# Activity
Give the lines again exactly as they appear below, from the line with "Σετ βάπτισης κορίτσι" to the line with "Per donna Set", both included, and only those lines. Leave every picture out.
[[ Data for review, beginning ]]
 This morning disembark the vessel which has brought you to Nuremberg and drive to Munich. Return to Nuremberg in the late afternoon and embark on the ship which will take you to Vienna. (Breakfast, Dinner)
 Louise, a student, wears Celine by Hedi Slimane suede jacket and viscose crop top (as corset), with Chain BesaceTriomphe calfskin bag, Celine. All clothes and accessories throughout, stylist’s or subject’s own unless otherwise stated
[[ Data for review, end ]]
[[ Data for review, beginning ]]
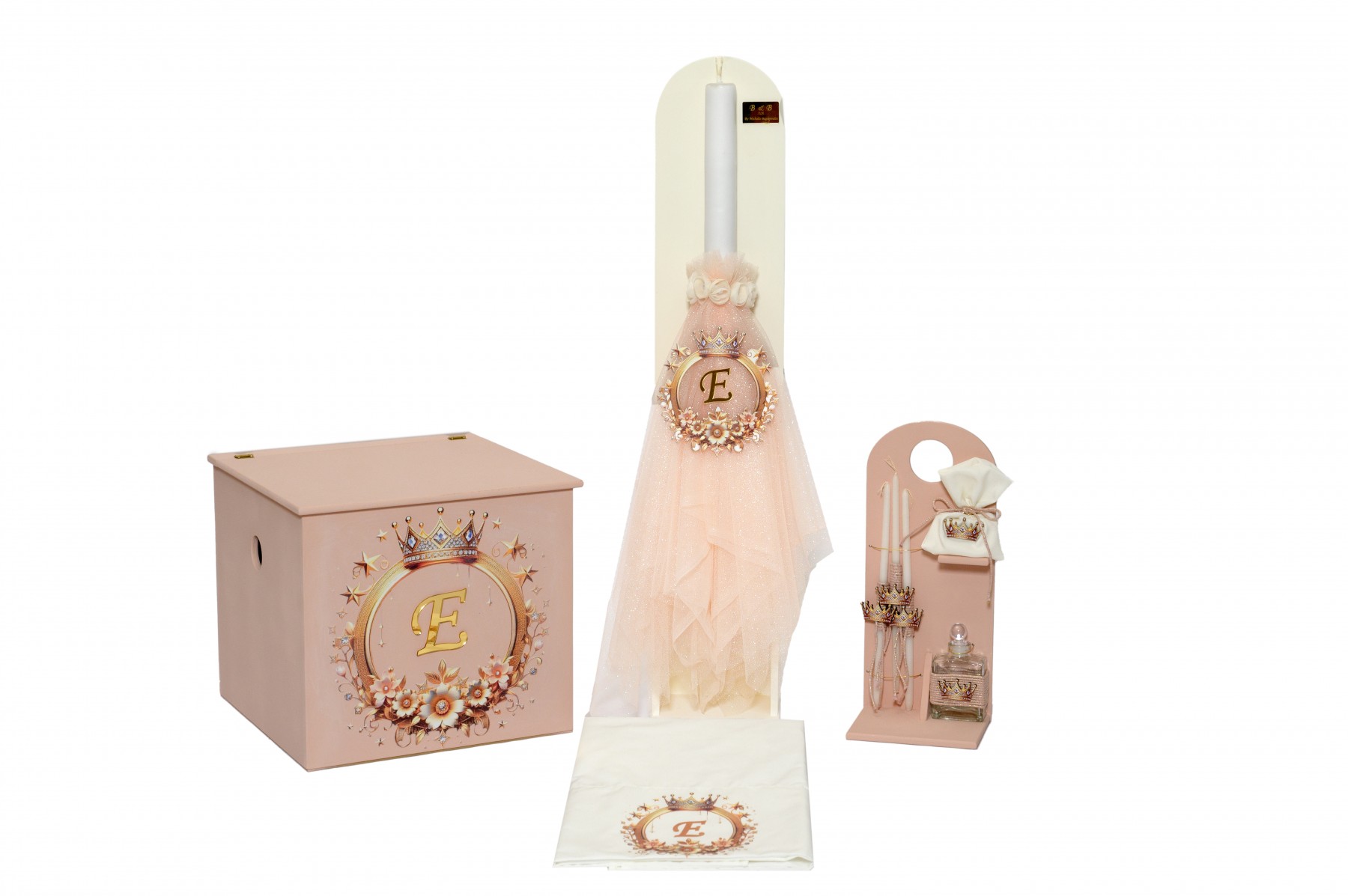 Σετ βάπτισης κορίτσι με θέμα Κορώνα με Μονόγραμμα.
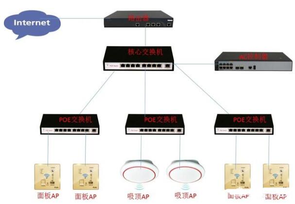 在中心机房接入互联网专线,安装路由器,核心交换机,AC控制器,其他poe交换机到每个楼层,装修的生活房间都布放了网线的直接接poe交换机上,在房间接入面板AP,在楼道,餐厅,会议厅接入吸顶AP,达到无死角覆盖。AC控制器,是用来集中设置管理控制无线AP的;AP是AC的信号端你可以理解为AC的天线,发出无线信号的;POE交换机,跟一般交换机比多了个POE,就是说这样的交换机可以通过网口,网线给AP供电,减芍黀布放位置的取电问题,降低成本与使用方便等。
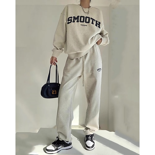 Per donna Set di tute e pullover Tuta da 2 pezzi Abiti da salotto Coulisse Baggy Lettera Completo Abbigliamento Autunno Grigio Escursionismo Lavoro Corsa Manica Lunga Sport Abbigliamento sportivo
[[ Data for review, end ]]
[[ Data for review, beginning ]]
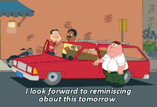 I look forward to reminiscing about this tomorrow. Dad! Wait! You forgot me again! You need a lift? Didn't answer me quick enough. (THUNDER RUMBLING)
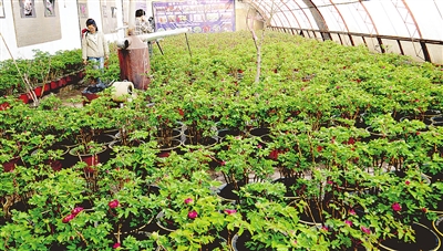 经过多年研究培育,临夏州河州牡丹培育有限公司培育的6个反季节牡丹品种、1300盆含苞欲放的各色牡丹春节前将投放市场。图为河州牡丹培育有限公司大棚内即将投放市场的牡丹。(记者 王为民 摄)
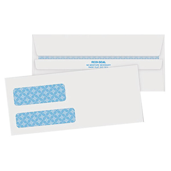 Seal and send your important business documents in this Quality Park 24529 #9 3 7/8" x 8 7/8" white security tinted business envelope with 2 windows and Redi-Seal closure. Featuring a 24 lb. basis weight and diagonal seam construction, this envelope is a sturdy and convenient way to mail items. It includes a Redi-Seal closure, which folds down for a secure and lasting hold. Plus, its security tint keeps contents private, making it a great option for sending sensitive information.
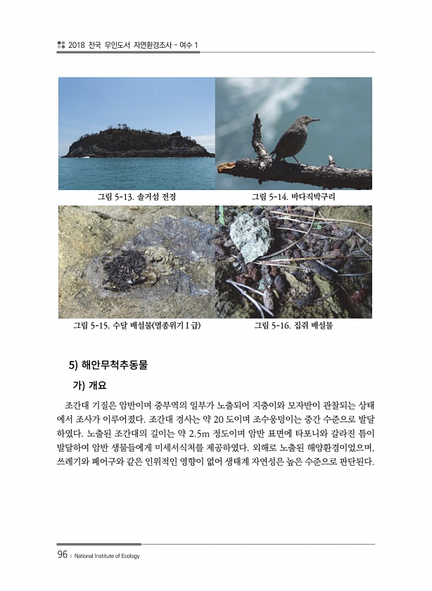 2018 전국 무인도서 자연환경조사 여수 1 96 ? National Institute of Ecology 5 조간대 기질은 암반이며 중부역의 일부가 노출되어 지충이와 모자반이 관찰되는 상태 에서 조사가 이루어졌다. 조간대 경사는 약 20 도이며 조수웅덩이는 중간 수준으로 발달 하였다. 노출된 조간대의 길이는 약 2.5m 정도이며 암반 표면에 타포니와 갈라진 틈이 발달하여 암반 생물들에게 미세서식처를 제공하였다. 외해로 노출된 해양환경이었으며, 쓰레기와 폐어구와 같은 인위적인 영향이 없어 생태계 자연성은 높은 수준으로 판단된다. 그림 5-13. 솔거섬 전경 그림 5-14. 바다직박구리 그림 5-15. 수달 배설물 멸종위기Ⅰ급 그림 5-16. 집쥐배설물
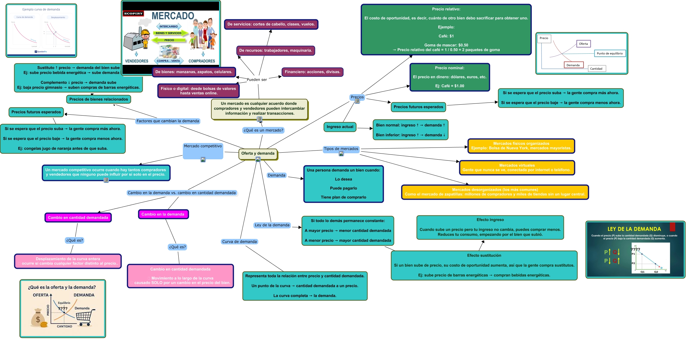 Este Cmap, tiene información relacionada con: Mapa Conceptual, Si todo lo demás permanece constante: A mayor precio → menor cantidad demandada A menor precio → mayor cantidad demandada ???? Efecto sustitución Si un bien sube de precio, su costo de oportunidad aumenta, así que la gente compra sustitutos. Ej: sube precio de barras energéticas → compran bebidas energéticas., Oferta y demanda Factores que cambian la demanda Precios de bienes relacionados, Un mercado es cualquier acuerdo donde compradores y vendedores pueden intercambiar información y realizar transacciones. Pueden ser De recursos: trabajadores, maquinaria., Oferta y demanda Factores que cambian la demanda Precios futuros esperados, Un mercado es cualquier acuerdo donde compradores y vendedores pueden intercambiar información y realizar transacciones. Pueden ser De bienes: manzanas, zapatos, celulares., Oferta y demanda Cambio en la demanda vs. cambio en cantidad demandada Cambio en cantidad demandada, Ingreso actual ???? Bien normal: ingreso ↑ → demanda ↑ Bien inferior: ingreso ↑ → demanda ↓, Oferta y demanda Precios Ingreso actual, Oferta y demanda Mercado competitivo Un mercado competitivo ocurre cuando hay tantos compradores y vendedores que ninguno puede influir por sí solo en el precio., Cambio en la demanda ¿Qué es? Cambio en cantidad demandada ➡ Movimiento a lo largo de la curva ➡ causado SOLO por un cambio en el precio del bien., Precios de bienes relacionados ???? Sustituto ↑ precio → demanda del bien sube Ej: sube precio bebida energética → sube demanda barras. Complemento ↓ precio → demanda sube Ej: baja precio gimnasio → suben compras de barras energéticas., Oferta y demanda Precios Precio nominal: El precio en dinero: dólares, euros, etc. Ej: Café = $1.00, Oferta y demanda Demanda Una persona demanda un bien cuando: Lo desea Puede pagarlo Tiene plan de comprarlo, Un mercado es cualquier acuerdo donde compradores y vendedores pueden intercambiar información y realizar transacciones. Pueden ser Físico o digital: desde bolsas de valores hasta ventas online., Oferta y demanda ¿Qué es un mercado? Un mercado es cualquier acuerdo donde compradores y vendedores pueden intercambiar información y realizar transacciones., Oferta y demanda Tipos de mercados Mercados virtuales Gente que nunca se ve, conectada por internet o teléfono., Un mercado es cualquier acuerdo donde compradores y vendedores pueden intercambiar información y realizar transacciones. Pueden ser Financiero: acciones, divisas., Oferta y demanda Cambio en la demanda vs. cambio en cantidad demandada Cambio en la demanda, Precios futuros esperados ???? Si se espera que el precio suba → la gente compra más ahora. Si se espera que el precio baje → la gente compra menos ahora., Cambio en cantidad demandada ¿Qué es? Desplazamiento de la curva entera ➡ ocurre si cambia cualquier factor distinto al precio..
[[ Data for review, end ]]
# Result
 Σετ βάπτισης κορίτσι με θέμα Κορώνα με Μονόγραμμα.
 在中心机房接入互联网专线,安装路由器,核心交换机,AC控制器,其他poe交换机到每个楼层,装修的生活房间都布放了网线的直接接poe交换机上,在房间接入面板AP,在楼道,餐厅,会议厅接入吸顶AP,达到无死角覆盖。AC控制器,是用来集中设置管理控制无线AP的;AP是AC的信号端你可以理解为AC的天线,发出无线信号的;POE交换机,跟一般交换机比多了个POE,就是说这样的交换机可以通过网口,网线给AP供电,减芍黀布放位置的取电问题,降低成本与使用方便等。
 Per donna Set di tute e pullover Tuta da 2 pezzi Abiti da salotto Coulisse Baggy Lettera Completo Abbigliamento Autunno Grigio Escursionismo Lavoro Corsa Manica Lunga Sport Abbigliamento sportivo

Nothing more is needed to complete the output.